McClearly wasn’t the only one asking these questions. Ri noticed their videos are flooded with comments saying, “Oh my God! Finally an Indian girl group! We must support them.”
The quartet released their second single, Galti, on 5 April. While the song has less than 5,000 views, all the reactions have been positive. “Their songs gives me a fresh pop vibe. Not really too much electronic sound only harmonical voices,” wrote one commentor. The music video for the retro-futuristic, funky, disco dance song will be released on 12 April.
They are aware that they stand at the cusp of making history. And their record label is paying special attention to their social media image—from doing weekly Instagram Lives called ‘Wish Wednesday’ to maintaining carefully crafted Instagram pages, one for the band and one for each member. But they’re interacting with their fans beyond the screen too, with radio shows and live performances. The women have embraced their pop star persona with confidence, unfazed by the weight of being India’s first group in over 20 years.
“I don’t think the crown is too heavy because the space has been empty. I feel like we’re more excited and kind of driven to take up that role,” Zo says.
Also read: Tripura’s first girl band is breaking barriers—A broken guitar to India’s Got Talent
Resurgence of Indian pop music
McClearly is determined to usher in the era of I-Pop but he is certain the route he took delivers “something stronger” than current international pop music. It creates a band that’s “not manufactured”, is consistent and comes up with “really good music” as the members are involved in every stage of the creative process.
This stands in stark contrast to the prevalent K-pop industry model, characterised by global auditions and rigorous talent scouting. While McCleary said the K-pop model can’t be transported into an Indian context, he acknowledged it was possible to draw from the artist development aspect of the industry.
“Even if you have artists who are already talented, there’s still a lot of development and I think we’ve done the right amount of that before we’ve come out with W.i.S.H,” says McCleary, who has worked on several advertising campaigns in India, including Vodafone, Coca-Cola, Cadbury and has worked with Lucky Ali and AR Rahman.
The most crucial element that prompted him to dive into the project was the momentum within the pop music landscape in India. He observed that the spectrum of artists had expanded. They no longer need to be in the shadows of Bollywood and audiences are maturing to understand that artists are independent entities in themselves and “not just playback singers”.

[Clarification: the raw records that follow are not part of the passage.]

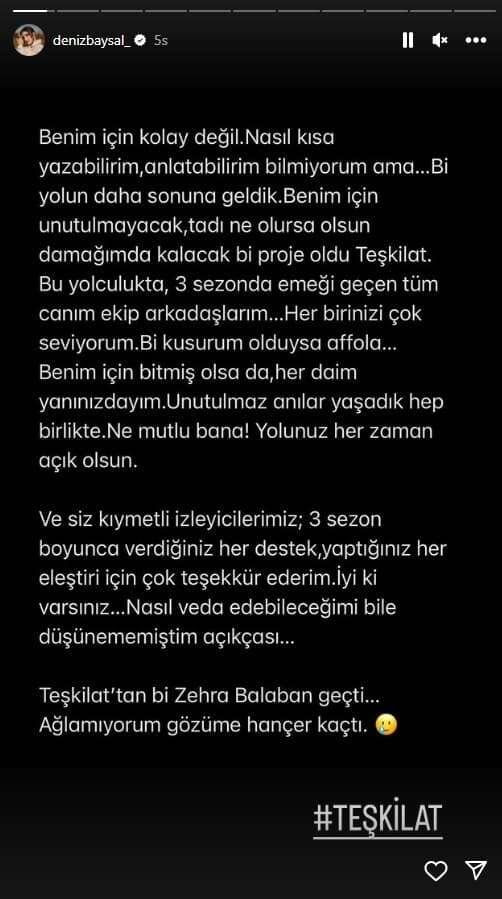 Deniz Baysal bu haberi ilk kendi sosyal medya hesabı üzerinden paylaşarak sevenlerine duyurdu. Diziden ayrıldığının hüznünü anlatan başarılı oyuncu artık Teşkilat dizisinde olmayacak.
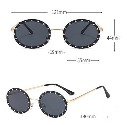 Rhinestone Decorated Alloy Frame UV400 Polycarbonate Lens Oval Sunglasses
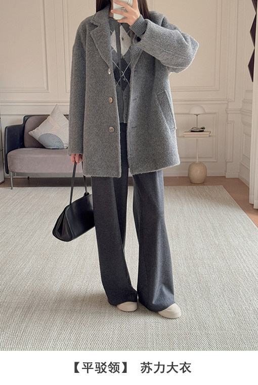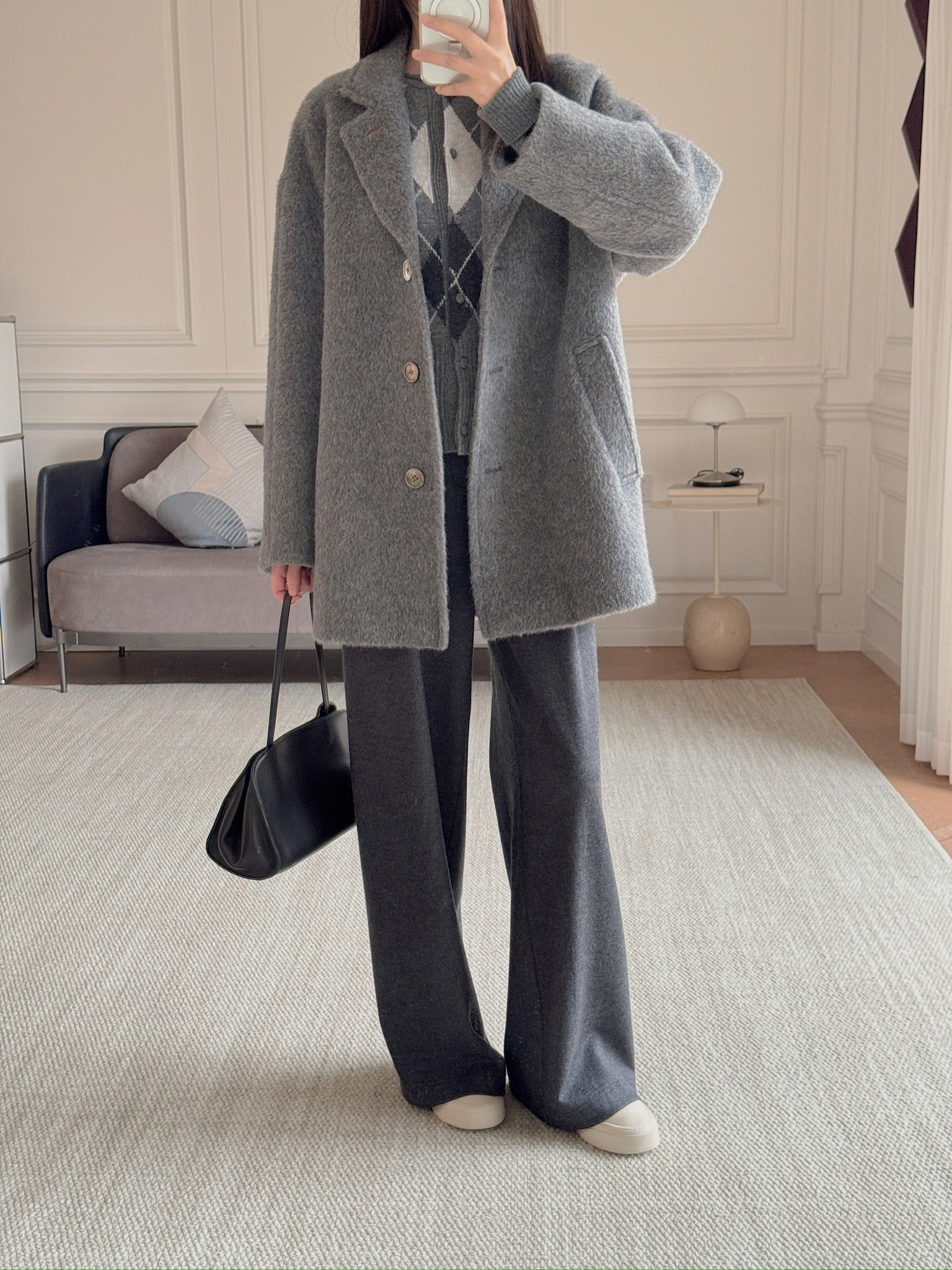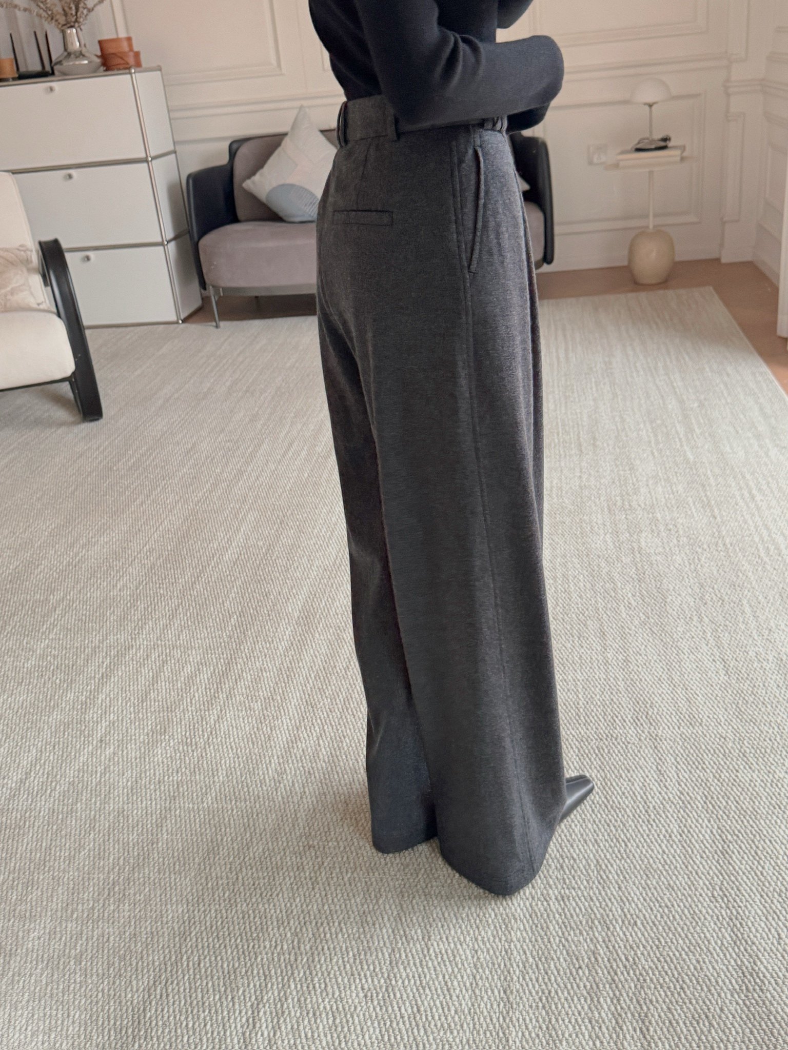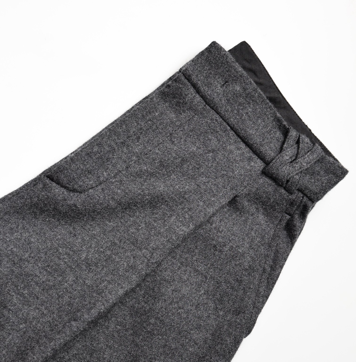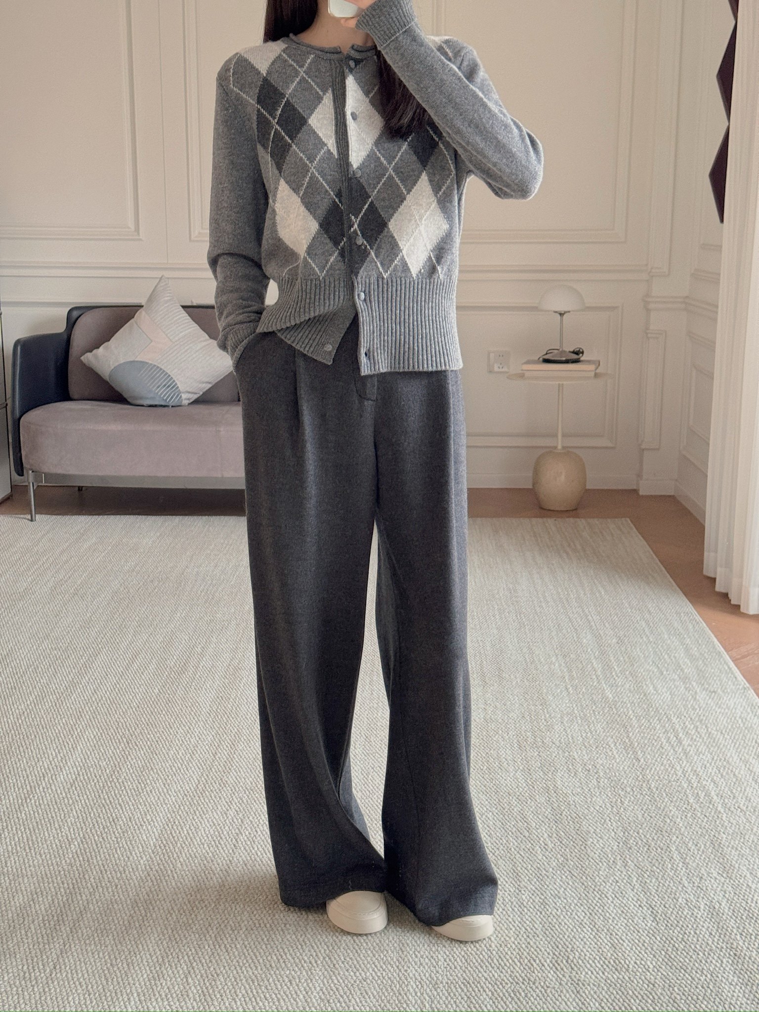 秋冬款的西裤面料采用 chao 细美丽诺羊毛和羊绒混纺纱线

“I think there’s a definite resurgence, in the last five years, of independent music in India. It’s going to be hard to compare it back to the late 1990s when there was a lot of investment. (But) I think it’s growing in a very organic way in India,” says McCleary.
According to the producer, a new pop music group was not something that only India needed but something that the rest of the world would “really be very interested in and want to absorb”. He is optimistic that the future of Indian pop music is bright because the country has “a global presence”.
In his eyes, the four women, whom he meticulously molded to be the Gen-Z pop stars of India, are already trailblazers.
“I honestly think that in the next six months, we’ll see other Indian girl and boy groups coming out. I think this will be seen as the start of a new era,” he says.